In [None]:
from __future__ import absolute_import
from __future__ import division
from __future__ import print_function

import numpy as np

## Debugging RL Algorithms

Debugging RL algorithms can be challenging. If you implement an algorithm and run it on a challenging benchmark, you may not see it learning. This can mean a number of things.
1. There is a bug in the algorithm.
2. It's learning extremely slowly, so you can't tell.
3. The algorithm is correct but it isn't learning because of the hyperparameter choices.

**A quick sanity check is to run the algorithm on a very simple problem.** If you can't get it to work on the simple problem, then there is probably a bug in the algorithm. If it does work on the simple problem, then the problem may be with the hyperparameter choices or the speed at which the algorithm is learning.

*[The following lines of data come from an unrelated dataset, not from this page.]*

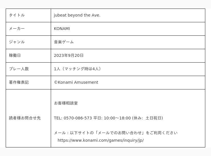 株式会社コナミアミューズメントは、アミューズメント施設向け音楽ゲーム『jubeat』(ユビート)シリーズにて、シリーズ12作目の最新作『jubeat beyond the Ave.』(ユビート ビヨンド ジ アべニュー)が9月20日(水)より稼働開始したことをお知らせします。
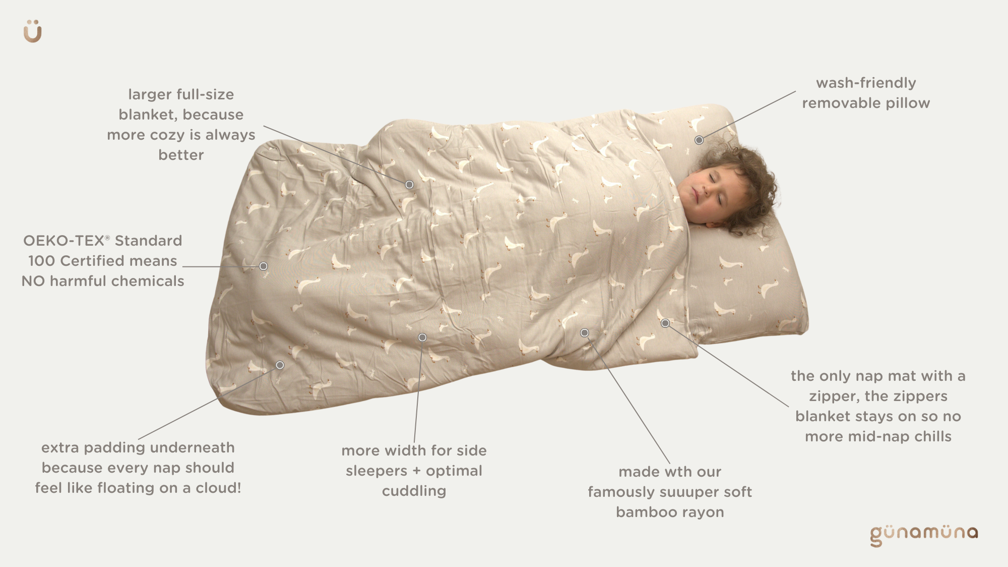 We're the only nap mat with a zipper to keep your LO covered during nap time.
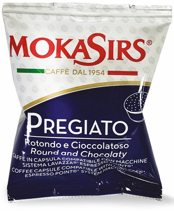MokaSirs Pregiato is a spicy blend of Arabica varieties from Brazil and Central America, as well as Indian Robusta. The amount of Robusta in the coffee blend is 30 %, which gives a nice depth and spiciness to the coffee.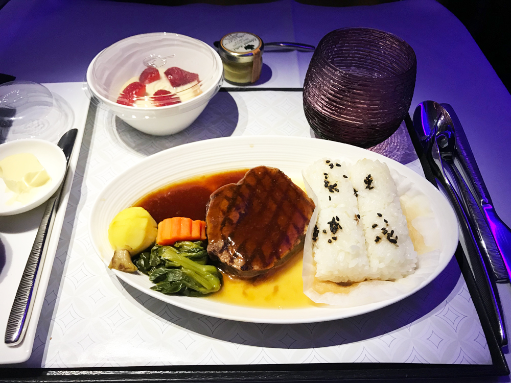 この食事をする前までは、”カタール航空は、なんて素晴らしいんだろう”って思っていました。しかし、食べてから大分気が変わりました。食事の味付け?味があいませんでした。前菜は、まずまずです(レモンが焼かれているのが意味わかりませんが)がメインのビーフのグリル、思わず残してしまいました。肉もパサパサ気味でしたし、和風ソースもダメでした。ビジネスクラスの食事もがっつり食べる系の方には少な目です。(足りない人は、新たに注文する事も可能だそうです。しかし、この味ではそう言う気持ちにもなれませんでした。)

Below is an example test environment in which the reward is -1 if the action is 0 and the reward is 1 if the action is 1. The reward completely ignores the state of of the environment. The optimal policy is to always take action 1.

In [None]:
class TestEnvironment1(object):
    def __init__(self):
        self.reset()
        
    def reset(self):
        self.state = np.zeros(4)
        self.iter = 0
        return self.state
    
    def step(self, action):
        if action not in [0, 1]:
            raise ValueError("The action must be either 0 or 1.")
        self.iter += 1
        reward = -1 if action == 0 else 1
        done = self.iter == 20
        info = {}
        return self.state, reward, done, info

**Exercise:** Implement a policy by hand that is optimal for this test environment.

In [None]:
def optimal_policy1(state):
    # This policy should return an action that is optimal for this
    # environment.
    raise NotImplementedError


def do_rollout(env, policy):
    state = env.reset()
    done = False
    cumulative_reward = 0
    while not done:
        state, reward, done, info = env.step(policy(state))
        cumulative_reward += reward
    return cumulative_reward

env1 = TestEnvironment1()
# The optimal policy should achieve the maximum reward.
assert do_rollout(env1, optimal_policy1) == 20

**Exercise:** Implement the following test environment:
- The state is an integer initialized at 0.
- The possible actions are 0 and 1.
- An action of 0 decrements the state by 1. An action of 1 increments the state by 1.
- After taking an action, the reward is 1 if the new state is greater than 5. Otherwise it is 0.
- The environment terminates after 20 time steps.

In [None]:
class TestEnvironment2(object):
    def __init__(self):
        raise NotImplementedError
        
    def reset(self):
        raise NotImplementedError
    
    def step(self, action):
        raise NotImplementedError

test_env = TestEnvironment2()

**Exercise:** Implement a policy by hand that is optimal for this test environment. 

In [None]:
def optimal_policy2(state):
    # This policy should return an action that is optimal for this
    # environment.
    raise NotImplementedError


env1 = TestEnvironment1()
# The optimal policy should achieve the maximum reward.
assert do_rollout(env2, optimal_policy2) == 15

These environments will come in handy when debugging the RL algorithms in the next exercises.